Shige Song <sgsong@ucla.edu> asks:
> In page 231 of the book by Cleves et al. (2002) the formula for calculating
> AIC for parametric hazard model is given by:
> AIC = -2lnL + 2(k+c)
> where k is the number of model covariates and c is the number of
> model-specific distributional parameters. My questions is: how to count the
> number of k if I want to include the same set of covariates in more than one
> distributional parameters? For example, I am estimating a log-logistic
> hazard model; instead of intrducing covariates to the scale parameter only,
> I want to introduce the same set of covariates to both the scale parameter
> and the shape parameter. In this case, should I count the number of
> covariates (k) twice, when caluclating the AIC? Thanks a lot!

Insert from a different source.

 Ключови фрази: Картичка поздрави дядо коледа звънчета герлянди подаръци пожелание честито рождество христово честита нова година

In short, you count them twice. Think in terms of how many parameters you are
estimating, rather than how many distinct covariates you are using.

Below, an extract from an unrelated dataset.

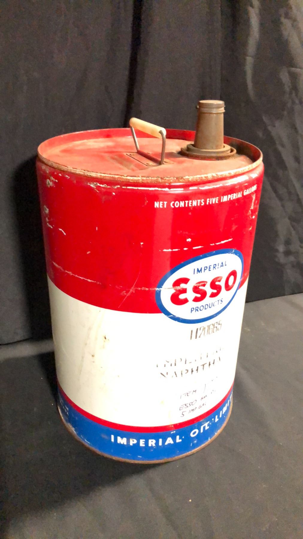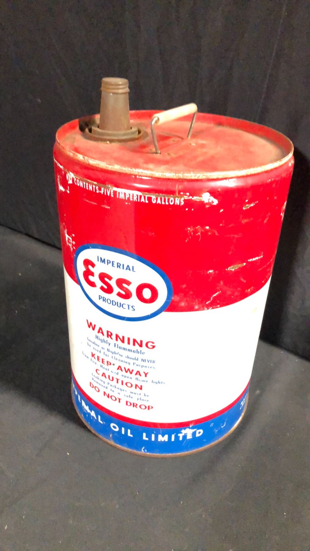 ESSO GAS/OIL 5 IMP GAL EMPTY METAL DRUM H18"

In a standard log-logistic model, you have one shape parameter, gamma, and so
you set c=1 when calculating AIC. If you choose to model gamma (or ln(gamma)

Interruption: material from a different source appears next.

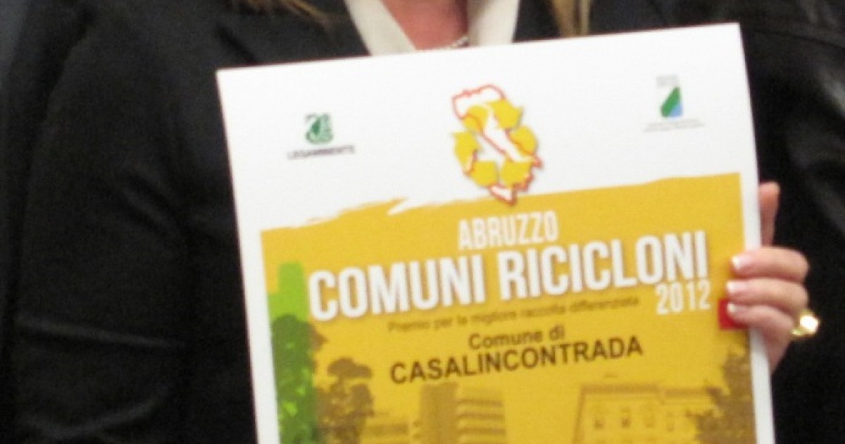 CASALINCONTRADA. "RICICLONE" D'ABRUZZO. Un premio alle amministrazioni comunali e ai cittadini che hanno ottenuto i migliori risultati nella gestione dei rifiuti. Con queste motivazioni, anche il Comune di Casalincontrada riceve il singolare riconoscimento nell’ambito della sesta edizione dell’iniziativa “Riciclabruzzo” promossa da Legambiente, meritando l’appellativo di Comune “Riciclone” d’Abruzzo. Il premio sarà consegnato al primo cittadino Concetta Di Luzio, domani nell’ambito del Workshop informativo su raccolta differenziata, indici di buona gestione e green economy, promosso da Regione Abruzzo e Legambiente, in programma a partire dalle ore 9.30 c/o la sala Convegni dell’Aeroporto d’Abruzzo. Dopo i saluti di apertura dell’Assessore regionale all’ambiente Mauro di Dalmazio, seguiranno le relazioni di esperti del settore e, quindi, la premiazione dei comuni “Ricicloni” d’Abruzzo. “Voglio esprimere il mio ringraziamento alla popolazione casalese – ha sensibilmente sottolineato il sindaco di Casalincontrada Concetta Di Luzio - perché questo significativo premio è il risultato non solo della politica portata avanti dalla nostra amministrazione comunale, ma soprattutto del comportamento responsabile e coerente dei cittadini, adottato nell’effettuare la raccolta differenziata”.

as is the case) on a set of covariates, c changes from 1 (for the constant
term that is always there) to 1 + how many covariates you are modelling
ln(gamma) on. So, it is really c that increases while k stays the same.
Note however that k is just the number of covariates in the main equation, and
not 1 + this number. This is merely by convention, and we chose not to count
the constant term in the main equation.